2. If you would access some remote server, the SQL Server Agent should be started on the remote computer as well as SQL Server. In the combo box "Server:" of SQL Server service manager you may see all the accessible servers.

Ion Filipski
1c.bmp
 
That's an interesting point you bring up about SERVER= not being the host machine, as well as the agent. That could become a problem later on.

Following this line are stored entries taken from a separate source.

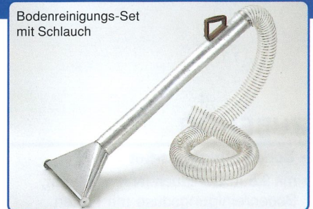
Bodenreinigungs-Set mit Schlauch

Saugdüse und Fugendüse als Zubehör erhältlich.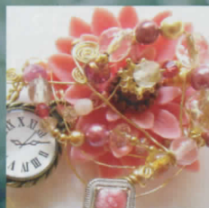
針金アクセサリ チュウゲン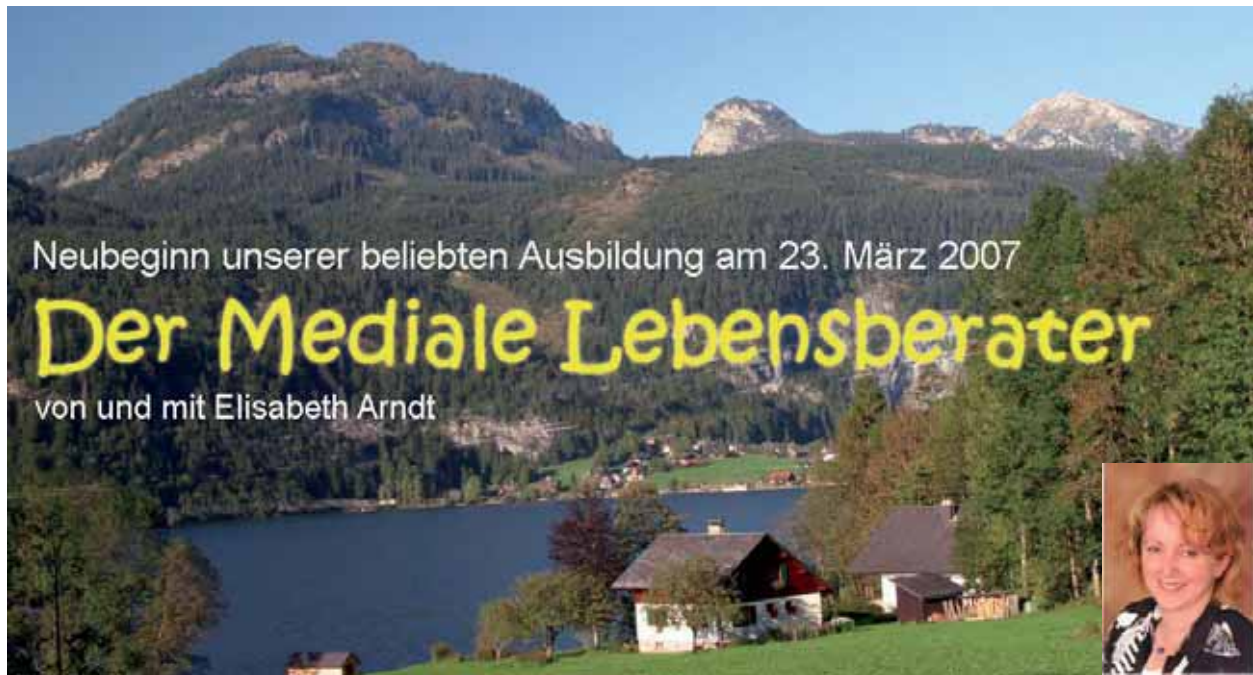
Unser Seminarort Grundlsee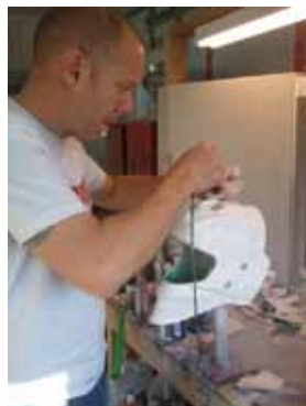
Premiers jets de peinture

Voici quelles photos du masque de Landry étape par étape.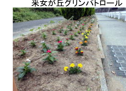
内部東小学校入口 采女町北部長寿会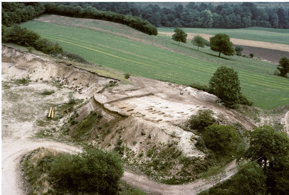
Fig. 39 Rances CVN 1976. Vue aérienne de la nécropole du Haut Moyen Âge avec, à l'arrière-plan, l'emplacement des villages proto-historiques.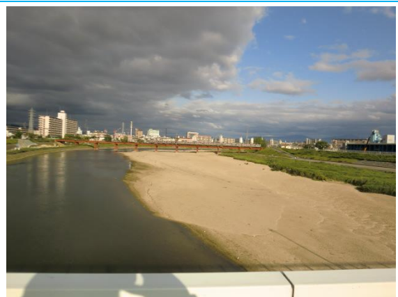
我孫子前駅への路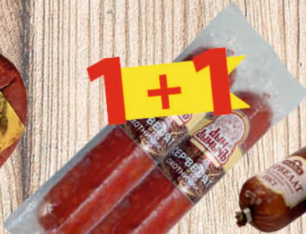
КОЛБАСА СЕРВЕЛАТ ОХОТНИЧИЙ ДЫМ ДЫМЫЧЬ в/к, в/у, 400г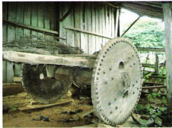
Foto 02: Carro de Boi - Vista lateral Data: 07/02/2007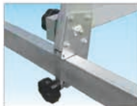
Fijación de la escalera ajustable para montaje en apoyo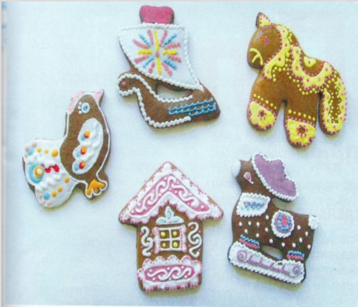
«Козули» из Архангельска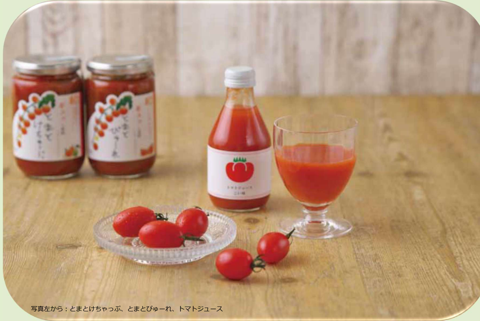
写真左から：とまとけちゃっぷ、とまとぴゅーれ、トマトジュース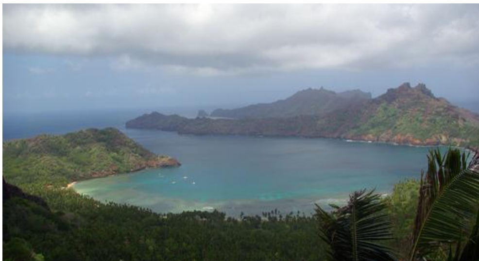
Légende photos : baie de Anaho, Nuku Hiva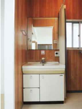
[専用部・室内写真][洗面化粧台]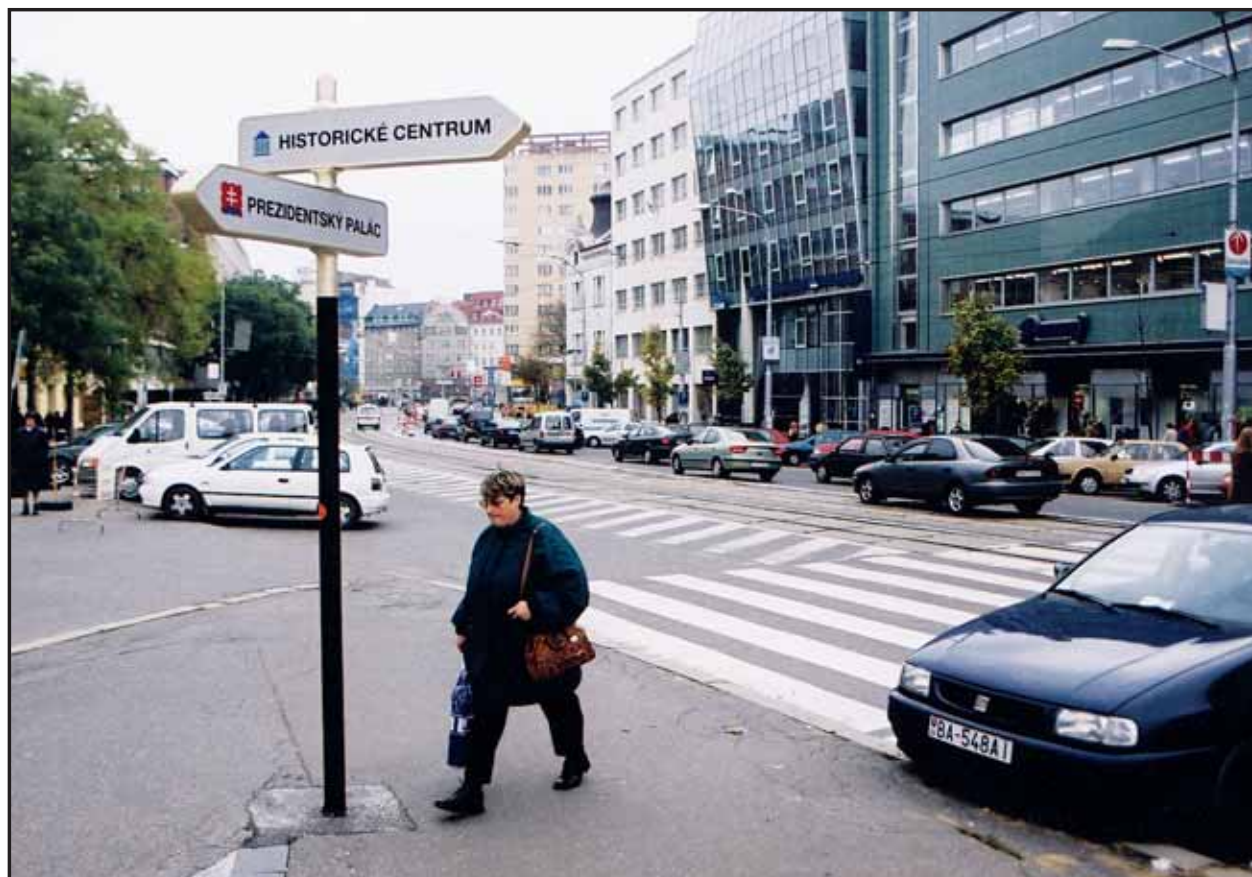
Na nových smerovníkoch v centre sú, žiaľ, iba slovenské nápisy.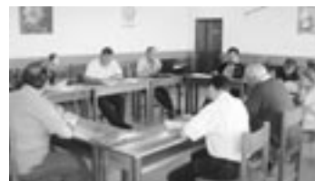
A la izquierda, acogida en San Pedro de Buenavista; fotografía superior, reunión con el Padre Provincial.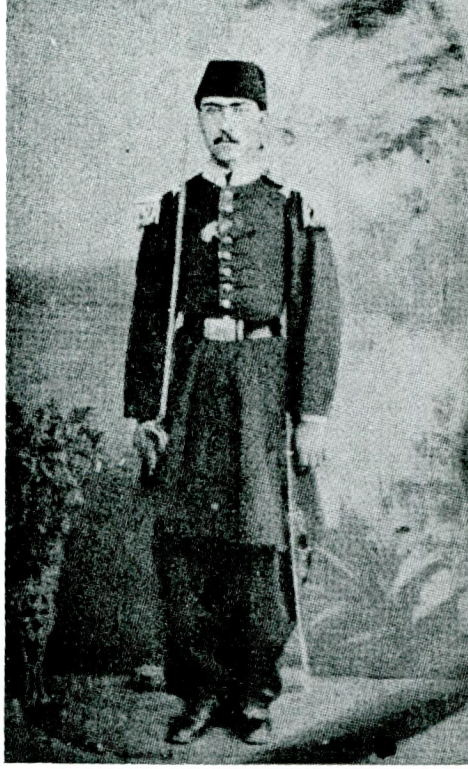
Atatürk'ün Babasının gönüllü zabıt kıyafeti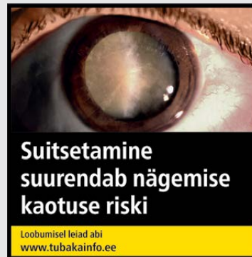
Rühm 3 pilt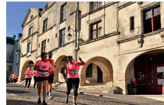
Une course à pied dans les rues de Fontenay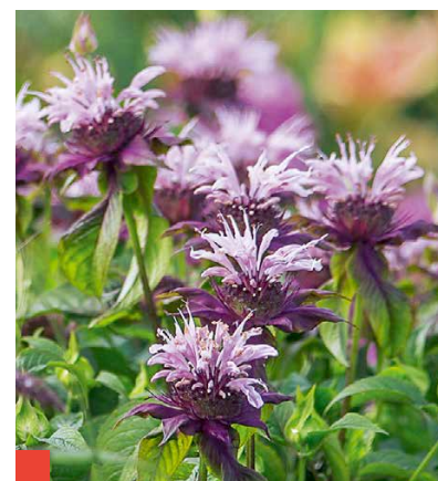
M. 'Beauty of Cobham' präsentiert leuchtende Blüten auf dunklen Hochblättern.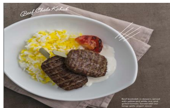
Beef Chelo Kebab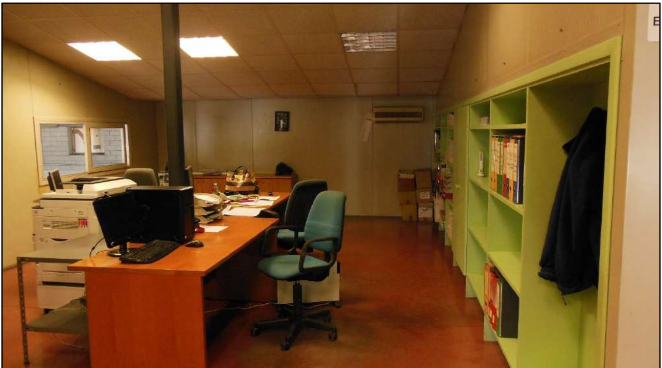
Figura 17: Zona uffici e amministrazione Piano primo - Sub.7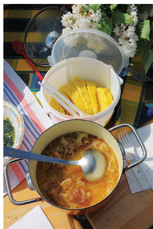
Delavska katedra – Naj zimski hrana Halubja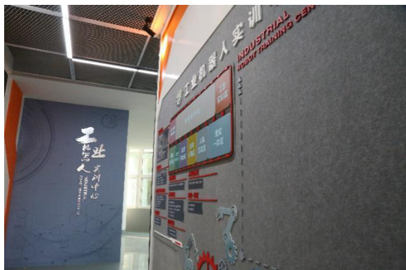
图 13：工业机器人实训中心投入使用

为提高实训管理效率，2020 年，学校全面推行实训管理系统，在各专业实训课使用，将我校“7S”管理和实训教学管理升级到无纸化，为下一步学生个性化学习采集积累数据。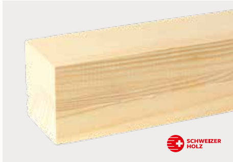
tr Fichte zum Streichen ddd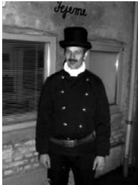
Stadig mere sort arbejde

Problemet er blot, at de samme to sygdomstræk er tiltagende i den vestlige kapitalistiske økonomi – ligesom de stadig er en kendsgerning i de "demokratiserede" samfund i øst.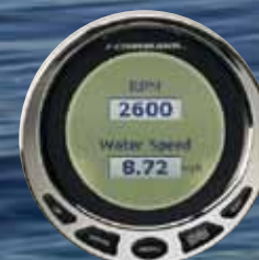
ΘΘΟΝΗ 2 ΕΝΔΕΙΞΕΩΝ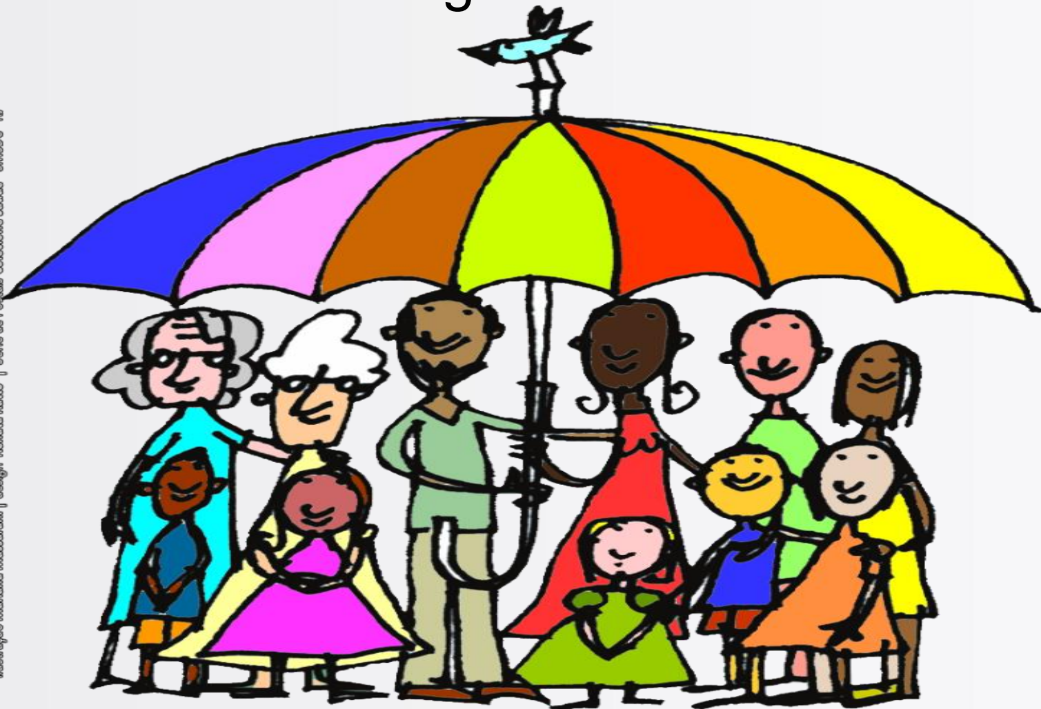
Ilustração Mariana Massarani | design Renata Ratto | Série de Postais Coleção Saúde - SMSDC - RJ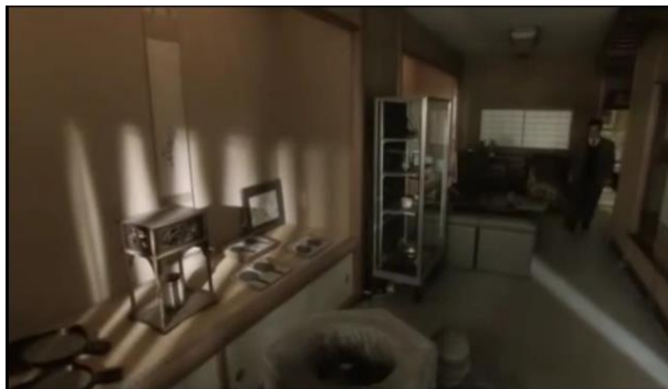
Gambar 3 Toko Barang Antik Kawazen (menit 09:58)

Selain lokasi rumah, di dalam film rumah Kare berubah menjadi rumah toko yang menjual barang-barang antik bernama Kawazen. Salah satu barang yang dijual adalah cermin perunggu, yang merupakan bagian dari benda latar.

However, the problem right now I believe occurs BEFORE it attempts to connect to the server (if it tries to connect to one that isn't valid, it stalls for a while then reports a timeout and unable to connect. The "[Microsoft][ODBC Driver Manager] Data source name not found and no default driver specified" error seems to involve communication with the ODBC driver on the local machine before it even tries to communicate with a server.
 
I had thought of that, but I'm pretty sure it's there. I think it even installs with Win2k and WinXP, it's not optional.

The MDAC was upgraded to 2.71 as well on all machines (working and non)
 
Currently the order is:

SQLAllocHandle(SQL_HANDLE_ENV, SQL_NULL_HANDLE, &henv);

SQLSetEnvAttr(henv, SQL_ATTR_ODBC_VERSION, (SQLPOINTER)SQL_OV_ODBC3, 0);

SQLAllocHandle(SQL_HANDLE_DBC, henv, &hdbc);

SQLDriverConnect(hdbc, NULL, (SQLCHAR*)szdatabase, (short)(strlen(szdatabase)+1, NULL, 0, NULL, SQL_DRIVER_NOPROMPT);

SQLAllocHandle(SQL_HANDLE_STMT, hdbc, &hstmt);

then continues with post-initialization stuff from there (actual queries etc.)